I was just presenting my view that
With multiple re-reads nand-test may fail randomly on some devices
due of accumulation of bitflips because of read-disturb errors.
However, this may not be the case on actual file-system like UBIFS
where upper layer performs scrubbing to avoid bit-flip accumulation.

Otherwise I have no issue with the patch. So if Artem | Brian feel okay,
they can anyways pick the patch.


with regards, pekon
Brian Norris May 30, 2014, 11:49 p.m.
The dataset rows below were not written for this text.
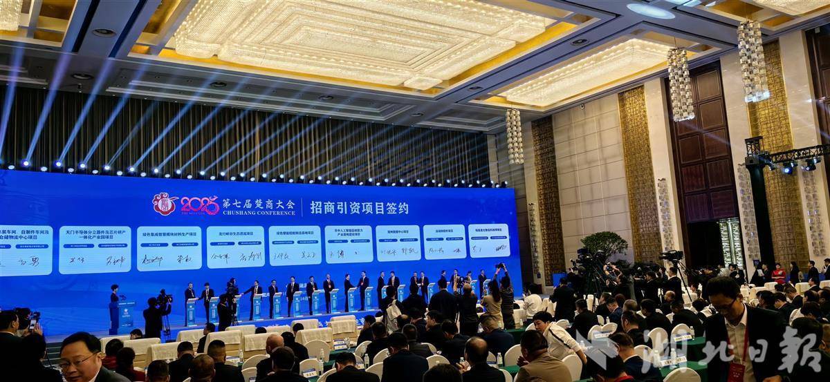 湖北日报讯(记者周寿江)10月29日上午,第七届楚商大会举行招商引资项目签约仪式。本届楚商大会期间,全国楚商与湖北省各市州共达成57个合作项目,总金额676亿元。大会现场签约项目18个,涉及光电子信息、新能源、节能环保、大健康、高端装备、生物医药、算力与大数据等领域,签约金额331.3亿元。
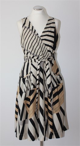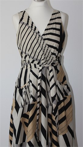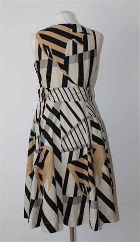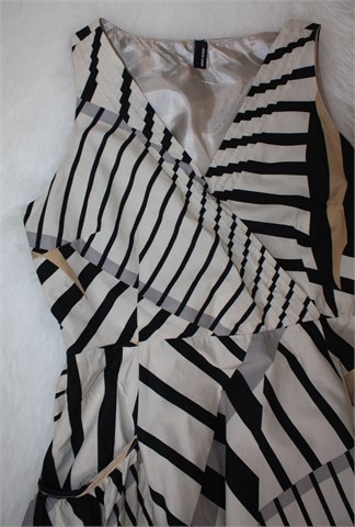 Vero Moda haljina bez rukava, sivo-bež boje sa printom (boje i uzorak printa vidljiv na slikama). Prednji fiskni preklop (zašivena da se ne rastvara), rezana u visokom struku i prema dnu se širi. Bočne trake za vezanje, bočni džepovi na dijelu suknje. Bočni cif, cijela podstavljena.
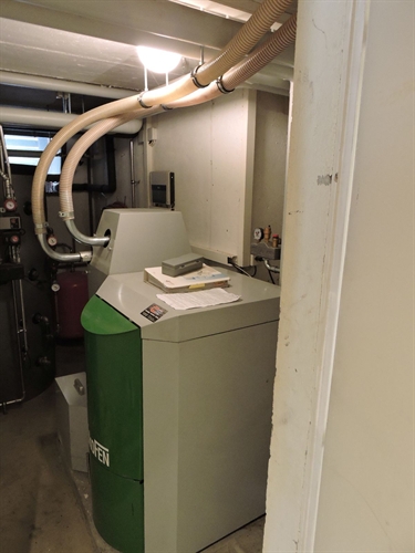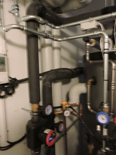 Il faut mettre une pompe dite de 'destratification' qui tourne la nuit pour brasser les 2/3 du volume d'accumulation en même temps que la régulation solaire lance la décharge nocturne via l'échangeur du bas. La programmation additionnelle que cela nécessite fait partie du module bureau d'apprentissage pour les apprentis niveau intermédiaire. Oui ça veut dire qu'au niveau intermédiaire les apprentis en savent déjà plus que les autoproclamés professionnels d'alors. Il est compréhensible que leurs adresses ne figurent pas sur notre site :-). 130 | | Ici la mini-chaudière à granulés d'origine, en arrière-plan les tuyaux d'aspiration depuis le silo. 200 | | Vue rapprochée. A gauche un pu derrière, charge chaudière, non isolée, mais étonnamment avec les siphons, le propriétaire a du insister alors. Au cntre (à priori) deux distributions chauffage, à droite la pompe de destratification. 205 |

UTC | #10
On Mon, May 05, 2014 at 06:12:55PM +0000, Pekon Gupta wrote:
> >From: Ezequiel Garcia [mailto:ezequiel@vanguardiasur.com.ar]
> >All in all, I think it's still a nice improvement on stock nandtest.
> 
> I was just presenting my view that
> With multiple re-reads nand-test may fail randomly on some devices
> due of accumulation of bitflips because of read-disturb errors.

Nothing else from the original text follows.